◆ Data:
Start of Block
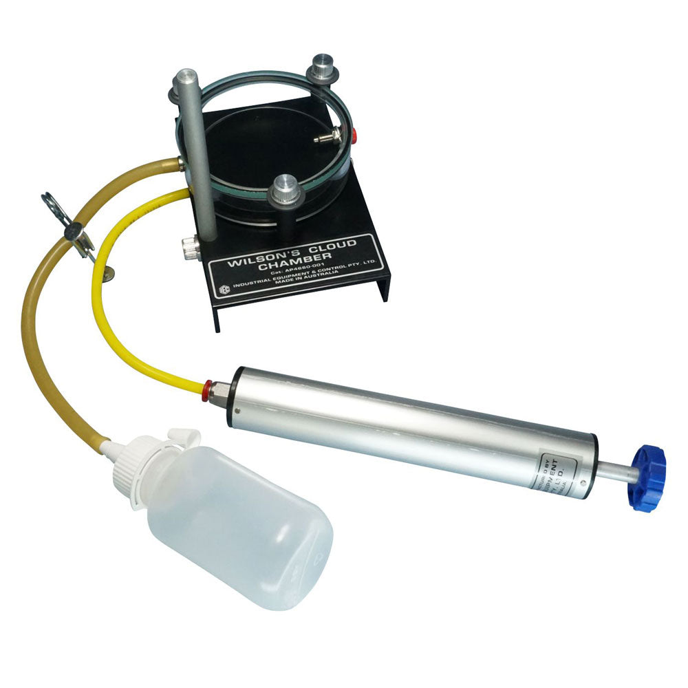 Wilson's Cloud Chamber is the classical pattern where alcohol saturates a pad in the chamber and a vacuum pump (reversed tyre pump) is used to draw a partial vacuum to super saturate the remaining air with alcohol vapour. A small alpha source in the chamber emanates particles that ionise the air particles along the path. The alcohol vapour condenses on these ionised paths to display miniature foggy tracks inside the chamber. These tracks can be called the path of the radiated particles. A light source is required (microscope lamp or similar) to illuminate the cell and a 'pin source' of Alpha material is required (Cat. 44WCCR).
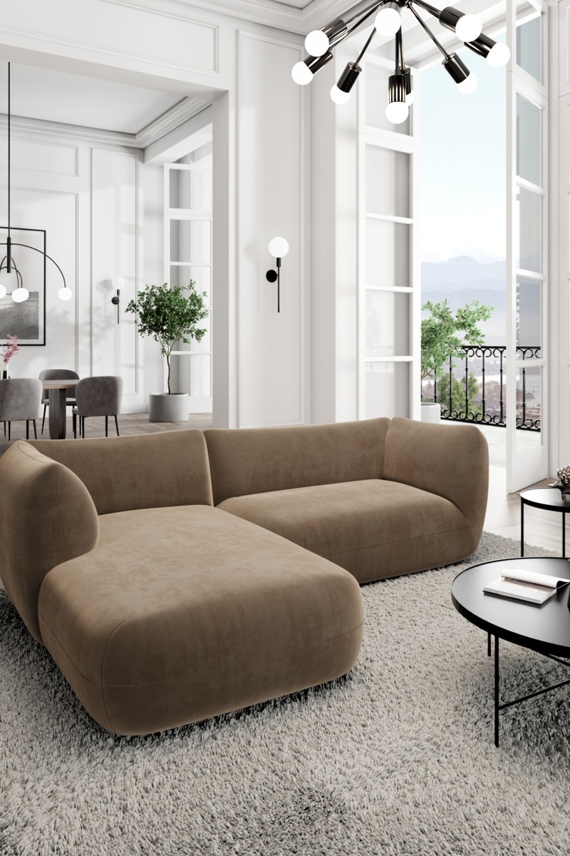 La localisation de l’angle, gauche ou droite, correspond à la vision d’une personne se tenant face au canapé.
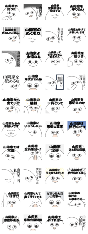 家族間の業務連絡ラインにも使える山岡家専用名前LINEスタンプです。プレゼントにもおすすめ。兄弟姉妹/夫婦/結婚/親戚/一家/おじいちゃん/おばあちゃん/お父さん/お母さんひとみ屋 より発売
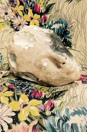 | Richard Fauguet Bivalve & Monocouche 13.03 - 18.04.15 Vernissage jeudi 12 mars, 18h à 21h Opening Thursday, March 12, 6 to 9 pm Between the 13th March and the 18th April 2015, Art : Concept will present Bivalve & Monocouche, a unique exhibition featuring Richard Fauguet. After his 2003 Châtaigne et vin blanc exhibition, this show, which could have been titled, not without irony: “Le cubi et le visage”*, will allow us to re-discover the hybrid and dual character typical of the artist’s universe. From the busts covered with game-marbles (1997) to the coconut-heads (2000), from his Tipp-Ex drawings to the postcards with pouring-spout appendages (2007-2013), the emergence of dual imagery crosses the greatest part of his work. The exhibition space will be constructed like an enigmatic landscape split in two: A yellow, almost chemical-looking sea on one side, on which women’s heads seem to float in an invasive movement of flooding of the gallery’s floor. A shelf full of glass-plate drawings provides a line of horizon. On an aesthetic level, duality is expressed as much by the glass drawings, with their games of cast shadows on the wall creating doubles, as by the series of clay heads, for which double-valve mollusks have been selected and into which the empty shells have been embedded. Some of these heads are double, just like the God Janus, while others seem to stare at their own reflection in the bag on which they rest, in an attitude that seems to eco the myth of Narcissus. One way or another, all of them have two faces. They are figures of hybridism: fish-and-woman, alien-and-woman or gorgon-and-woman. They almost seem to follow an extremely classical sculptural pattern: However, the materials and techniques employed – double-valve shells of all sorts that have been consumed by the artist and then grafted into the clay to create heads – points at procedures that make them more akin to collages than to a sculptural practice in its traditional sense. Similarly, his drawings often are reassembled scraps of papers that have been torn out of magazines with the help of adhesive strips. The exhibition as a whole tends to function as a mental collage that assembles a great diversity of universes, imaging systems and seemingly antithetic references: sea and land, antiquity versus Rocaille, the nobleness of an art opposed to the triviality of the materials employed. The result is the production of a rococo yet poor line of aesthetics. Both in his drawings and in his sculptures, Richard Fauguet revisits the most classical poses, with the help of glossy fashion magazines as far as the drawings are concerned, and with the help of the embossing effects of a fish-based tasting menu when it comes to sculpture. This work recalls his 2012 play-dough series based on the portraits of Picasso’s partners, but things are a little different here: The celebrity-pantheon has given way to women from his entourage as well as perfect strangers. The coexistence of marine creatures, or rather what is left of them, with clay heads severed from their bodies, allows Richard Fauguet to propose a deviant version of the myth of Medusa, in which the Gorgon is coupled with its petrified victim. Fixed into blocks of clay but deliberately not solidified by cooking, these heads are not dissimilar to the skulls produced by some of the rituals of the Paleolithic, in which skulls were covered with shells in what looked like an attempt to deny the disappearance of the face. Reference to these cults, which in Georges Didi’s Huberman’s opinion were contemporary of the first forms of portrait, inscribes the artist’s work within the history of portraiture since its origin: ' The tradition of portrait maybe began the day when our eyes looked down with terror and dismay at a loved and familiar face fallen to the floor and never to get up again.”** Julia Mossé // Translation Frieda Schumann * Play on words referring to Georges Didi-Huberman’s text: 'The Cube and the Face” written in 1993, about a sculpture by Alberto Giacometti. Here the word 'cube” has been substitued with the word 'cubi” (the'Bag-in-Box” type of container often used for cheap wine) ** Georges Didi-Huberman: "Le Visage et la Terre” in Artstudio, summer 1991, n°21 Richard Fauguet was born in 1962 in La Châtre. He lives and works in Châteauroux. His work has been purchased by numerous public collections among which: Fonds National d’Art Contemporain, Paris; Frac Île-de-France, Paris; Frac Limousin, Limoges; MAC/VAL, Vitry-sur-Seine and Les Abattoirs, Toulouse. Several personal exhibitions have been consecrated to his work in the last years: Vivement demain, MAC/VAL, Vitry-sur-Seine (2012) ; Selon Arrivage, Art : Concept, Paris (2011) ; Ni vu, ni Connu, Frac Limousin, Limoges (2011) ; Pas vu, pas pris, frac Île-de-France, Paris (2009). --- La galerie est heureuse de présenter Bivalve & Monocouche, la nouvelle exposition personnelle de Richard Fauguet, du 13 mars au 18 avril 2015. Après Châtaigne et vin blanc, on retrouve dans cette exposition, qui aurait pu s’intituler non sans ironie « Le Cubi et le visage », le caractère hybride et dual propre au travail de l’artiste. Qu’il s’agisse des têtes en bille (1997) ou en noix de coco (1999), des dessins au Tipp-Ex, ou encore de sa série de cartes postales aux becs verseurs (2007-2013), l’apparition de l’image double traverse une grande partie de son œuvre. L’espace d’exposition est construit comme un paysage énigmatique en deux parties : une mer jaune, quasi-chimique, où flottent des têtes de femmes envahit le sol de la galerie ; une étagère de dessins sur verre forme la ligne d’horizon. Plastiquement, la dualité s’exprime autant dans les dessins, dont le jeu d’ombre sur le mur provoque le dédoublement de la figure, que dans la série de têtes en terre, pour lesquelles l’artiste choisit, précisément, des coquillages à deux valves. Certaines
End of Block
Start of Block
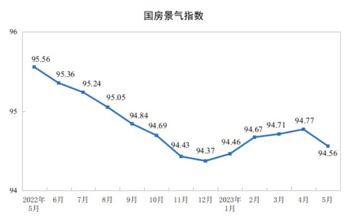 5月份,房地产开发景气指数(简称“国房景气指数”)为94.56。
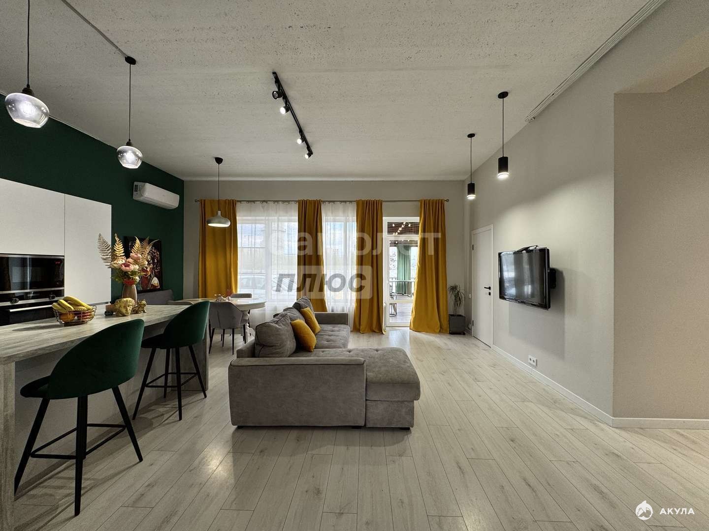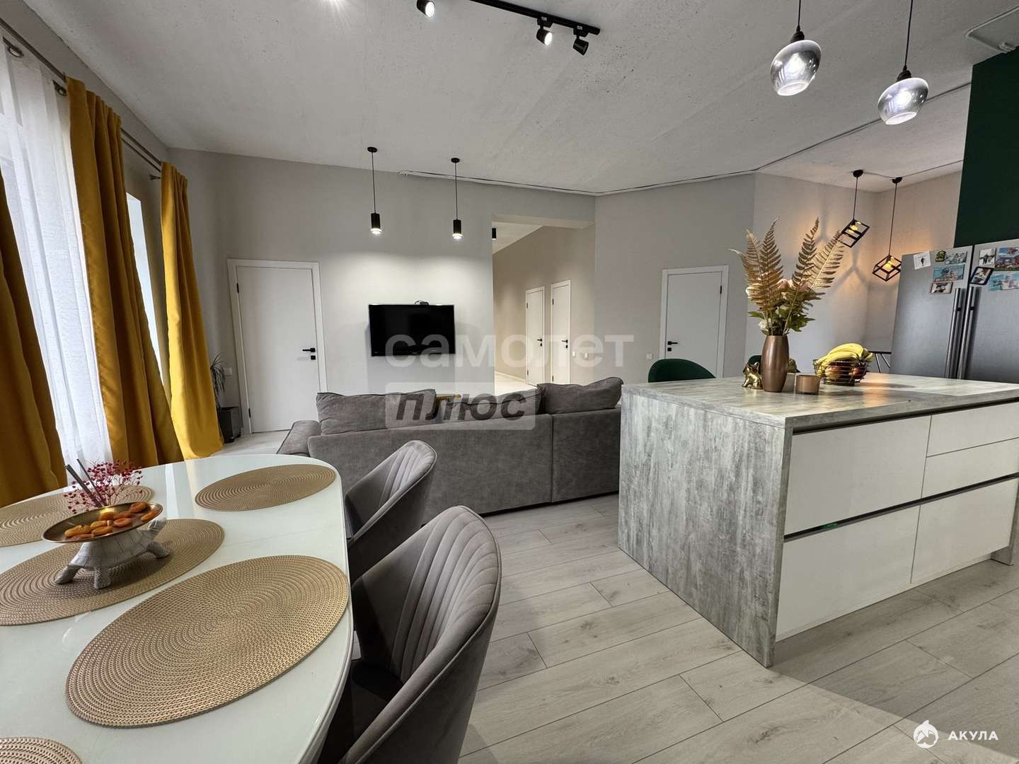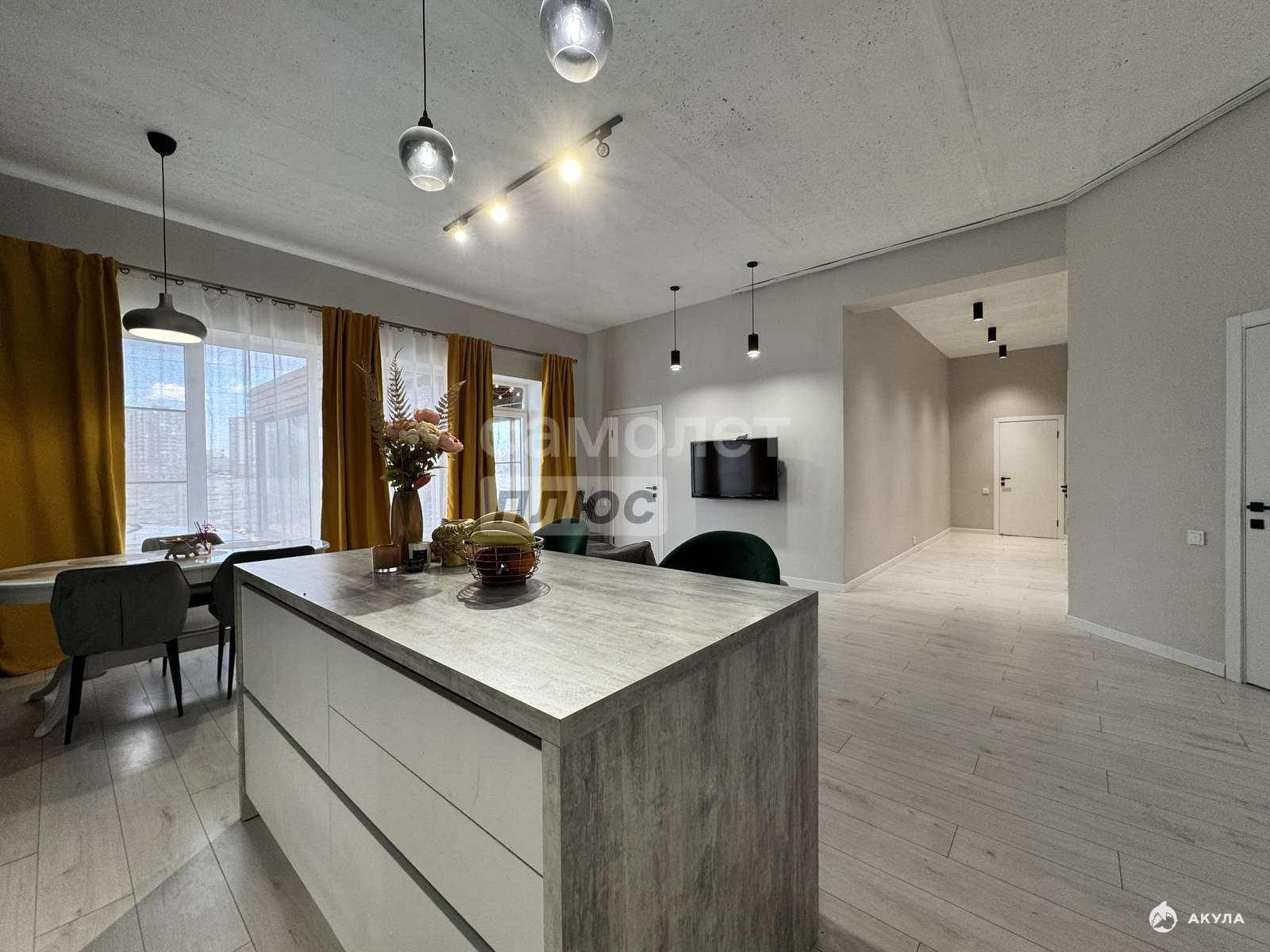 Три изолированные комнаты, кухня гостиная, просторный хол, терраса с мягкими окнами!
End of Block
◆ The problem: Output only the stretch above from the line with "Wilson's Cloud Chamber" through the line with "家族間の業務連絡ラインにも使", reproduced exactly. Exclude pictures.

◆ Result:
 Wilson's Cloud Chamber is the classical pattern where alcohol saturates a pad in the chamber and a vacuum pump (reversed tyre pump) is used to draw a partial vacuum to super saturate the remaining air with alcohol vapour. A small alpha source in the chamber emanates particles that ionise the air particles along the path. The alcohol vapour condenses on these ionised paths to display miniature foggy tracks inside the chamber. These tracks can be called the path of the radiated particles. A light source is required (microscope lamp or similar) to illuminate the cell and a 'pin source' of Alpha material is required (Cat. 44WCCR).
 La localisation de l’angle, gauche ou droite, correspond à la vision d’une personne se tenant face au canapé.
 家族間の業務連絡ラインにも使える山岡家専用名前LINEスタンプです。プレゼントにもおすすめ。兄弟姉妹/夫婦/結婚/親戚/一家/おじいちゃん/おばあちゃん/お父さん/お母さんひとみ屋 より発売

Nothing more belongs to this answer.